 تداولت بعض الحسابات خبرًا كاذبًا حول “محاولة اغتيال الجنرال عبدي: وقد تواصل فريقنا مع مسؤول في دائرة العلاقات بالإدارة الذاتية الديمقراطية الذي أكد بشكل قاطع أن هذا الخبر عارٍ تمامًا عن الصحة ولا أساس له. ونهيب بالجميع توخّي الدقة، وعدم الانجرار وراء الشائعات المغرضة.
---
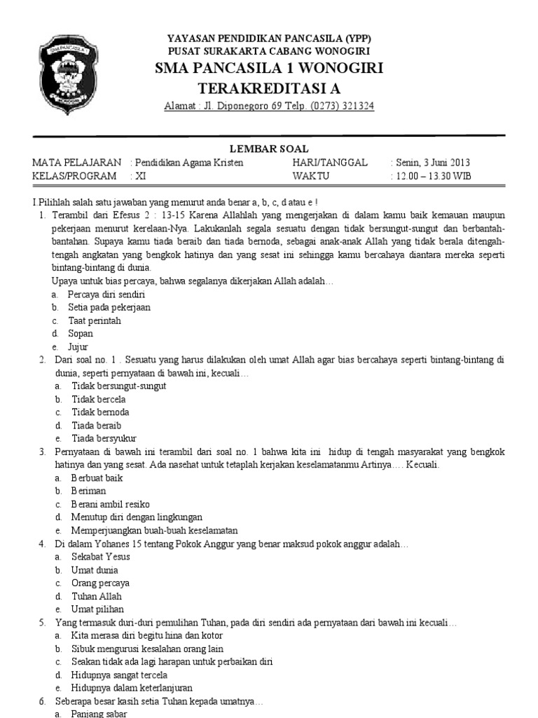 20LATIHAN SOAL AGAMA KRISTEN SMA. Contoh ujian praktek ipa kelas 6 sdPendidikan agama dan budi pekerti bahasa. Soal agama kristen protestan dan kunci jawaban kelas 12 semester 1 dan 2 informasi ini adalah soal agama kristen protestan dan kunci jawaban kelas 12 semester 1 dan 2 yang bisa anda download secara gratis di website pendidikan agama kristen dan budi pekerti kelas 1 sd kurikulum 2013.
* * *
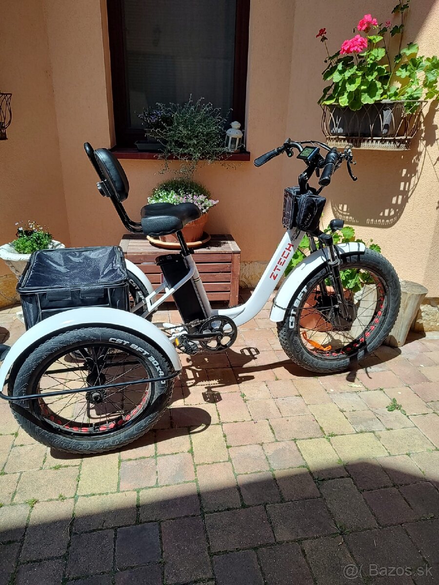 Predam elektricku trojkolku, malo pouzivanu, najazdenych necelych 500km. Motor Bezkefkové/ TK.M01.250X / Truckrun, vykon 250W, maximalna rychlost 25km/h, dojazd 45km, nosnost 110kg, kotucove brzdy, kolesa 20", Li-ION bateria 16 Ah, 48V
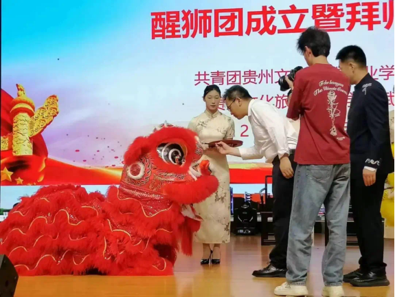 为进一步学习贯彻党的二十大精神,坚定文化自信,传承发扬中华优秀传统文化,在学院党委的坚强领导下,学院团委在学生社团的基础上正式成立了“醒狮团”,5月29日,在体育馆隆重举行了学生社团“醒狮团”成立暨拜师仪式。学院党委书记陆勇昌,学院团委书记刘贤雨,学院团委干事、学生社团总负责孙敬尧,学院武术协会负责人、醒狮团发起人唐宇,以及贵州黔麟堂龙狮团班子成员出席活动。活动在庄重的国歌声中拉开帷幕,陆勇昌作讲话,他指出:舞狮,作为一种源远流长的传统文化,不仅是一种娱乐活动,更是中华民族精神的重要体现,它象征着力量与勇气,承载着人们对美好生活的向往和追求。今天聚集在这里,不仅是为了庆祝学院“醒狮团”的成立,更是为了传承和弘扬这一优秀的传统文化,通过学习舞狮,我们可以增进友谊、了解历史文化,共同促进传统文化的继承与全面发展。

● Work required:
In the listing above, the required lines run from the line with "Predam elektricku trojkolku, malo" through the line with "为进一步学习贯彻党的二十大精". Output exactly those lines, omitting pictures.

● Written answer:
 Predam elektricku trojkolku, malo pouzivanu, najazdenych necelych 500km. Motor Bezkefkové/ TK.M01.250X / Truckrun, vykon 250W, maximalna rychlost 25km/h, dojazd 45km, nosnost 110kg, kotucove brzdy, kolesa 20", Li-ION bateria 16 Ah, 48V
 为进一步学习贯彻党的二十大精神,坚定文化自信,传承发扬中华优秀传统文化,在学院党委的坚强领导下,学院团委在学生社团的基础上正式成立了“醒狮团”,5月29日,在体育馆隆重举行了学生社团“醒狮团”成立暨拜师仪式。学院党委书记陆勇昌,学院团委书记刘贤雨,学院团委干事、学生社团总负责孙敬尧,学院武术协会负责人、醒狮团发起人唐宇,以及贵州黔麟堂龙狮团班子成员出席活动。活动在庄重的国歌声中拉开帷幕,陆勇昌作讲话,他指出:舞狮,作为一种源远流长的传统文化,不仅是一种娱乐活动,更是中华民族精神的重要体现,它象征着力量与勇气,承载着人们对美好生活的向往和追求。今天聚集在这里,不仅是为了庆祝学院“醒狮团”的成立,更是为了传承和弘扬这一优秀的传统文化,通过学习舞狮,我们可以增进友谊、了解历史文化,共同促进传统文化的继承与全面发展。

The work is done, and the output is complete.